The next most important question is which data structure should you choose for this question. You cannot use arrays as it will be a heavy task for both the compiler(in terms of time and auxiliary space complexity) and you(in terms of long codes).

You should choose a structure with which you can manage the content of both jugs simultaneously on the front. **The possible and safest option is to use Sets or Pairs. **

**How to Approach the Solution?**

Now that we have chosen what to work with, let's understand how you can actually make it work. Well, for starters you can have **(a, b)** which represents the amount of water currently in jug 1 and jug 2 respectively. Initially, both the components will be **(0, 0)** since the jugs are empty in the beginning. The final state of the jugs will be either **(0, d)** or **(d, 0)** as both add up to give a total of the required quantity.

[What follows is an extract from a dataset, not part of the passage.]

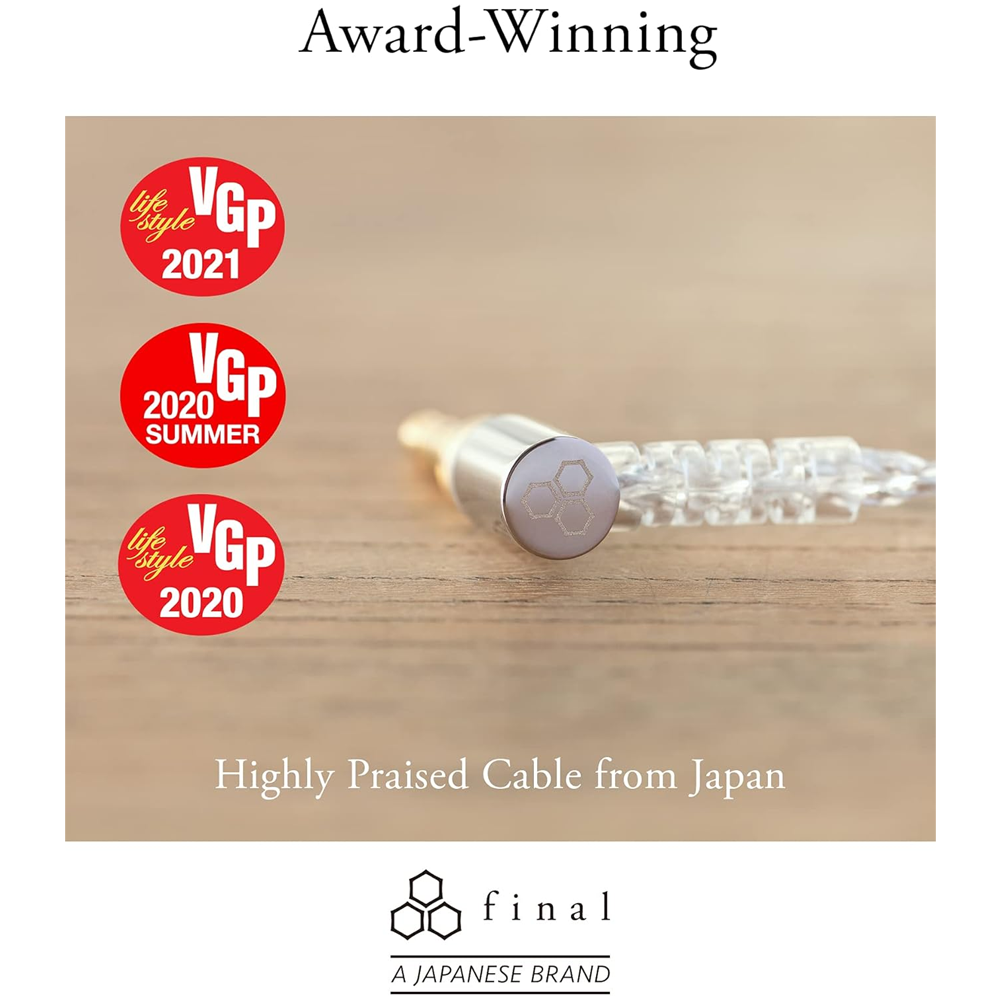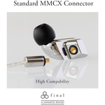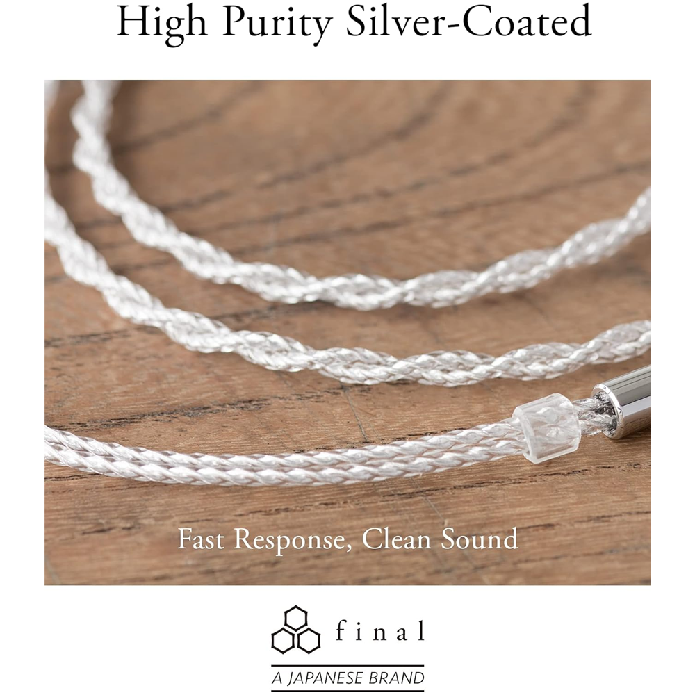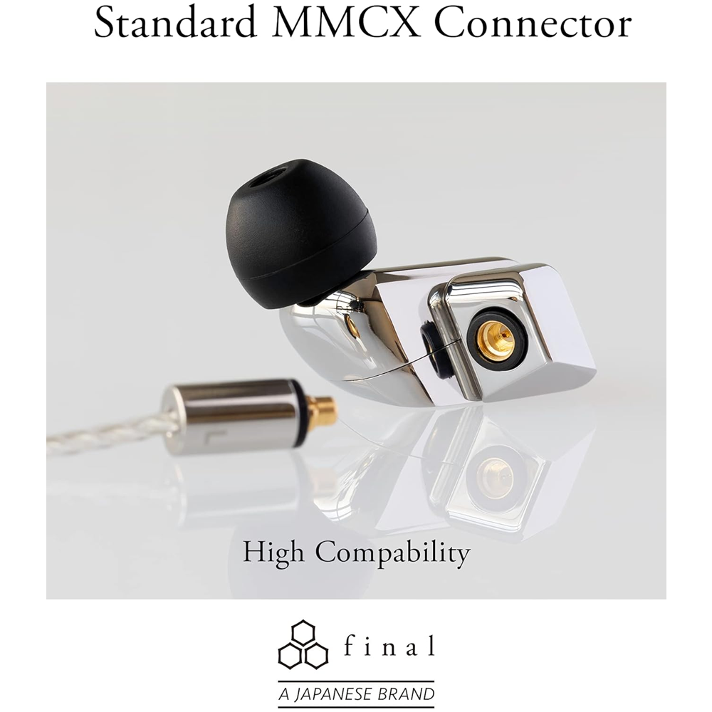 Final Audio розробила свої кабелі для навушників IEM з високочистим кабелем OFC зі срібним покриттям і високоточними швейцарськими роз'ємами MMCX для найкращої передачі сигналу. Штекер MMCX і 4,4-мм міні-штекер витримують понад п'ятдесят тисяч вигинів, що значно перевищує звичайні критерії.

The following operations can be performed on the jugs:

- Empty a jug
**(a, b) -> (0, b)** - Fill a jug
**(0, b) -> (a, b)** - Transfer water from one jug to another.

**Example **

**Input: **3, 5, 4

**Output: **6

**Explanation: **The following steps are taken:

- Fill the 5-liter jug completely.
- Transfer 3 liters from a 5-liter jug to a 3-liter jug.
- Empty the 3-liter capacity jug.
- Transfer the remaining 2 liters from a 5-liter jug to a 3-liter jug.
- Now, fill the 5-liter jug fully.
- Pour 1 liter from a 5-liter jug into a 3-liter jug.
- There! We have 4 liters in the first jug, now empty the 2nd jug.

For more clarity, check the below illustration.

**3 Methods to Solve the Water Jug Problem**

Now, you know what the problem is and what is the approach behind the solution. Next, discuss some methods with which you can code this problem. Following are the three methods, you can use:

**Method 01) Always pour from 1st jug to 2nd jug**

- Fill the
**m liter**jug and empty it into the**n liter**jug. - When the
**m liter**jug becomes empty refill it. - When the
**n-liter**jug becomes full, empty it. - Repeat the above steps till any one of the jugs contains the required amount of water in them.

**Method 02) Always pour from 2nd jug to 1st jug**

- Fill the
**n-liter**jug and empty it into the**m-liter**jug. - When the
**n liter**jug becomes empty refill it. - When the
**m liter**jug becomes full, empty it. - Repeat the above steps till any of the jugs contain the required amount of water in them.

**Method 03) Using BFS(Breadth First Search)**

**In the BFS method, we use a queue and a map to find the solution.** In the beginning, we initialize it with zero as both the jugs are empty. We then keep applying the above operations that are permitted to us and find the possible scenarios to find the targeted amount of water in the jugs.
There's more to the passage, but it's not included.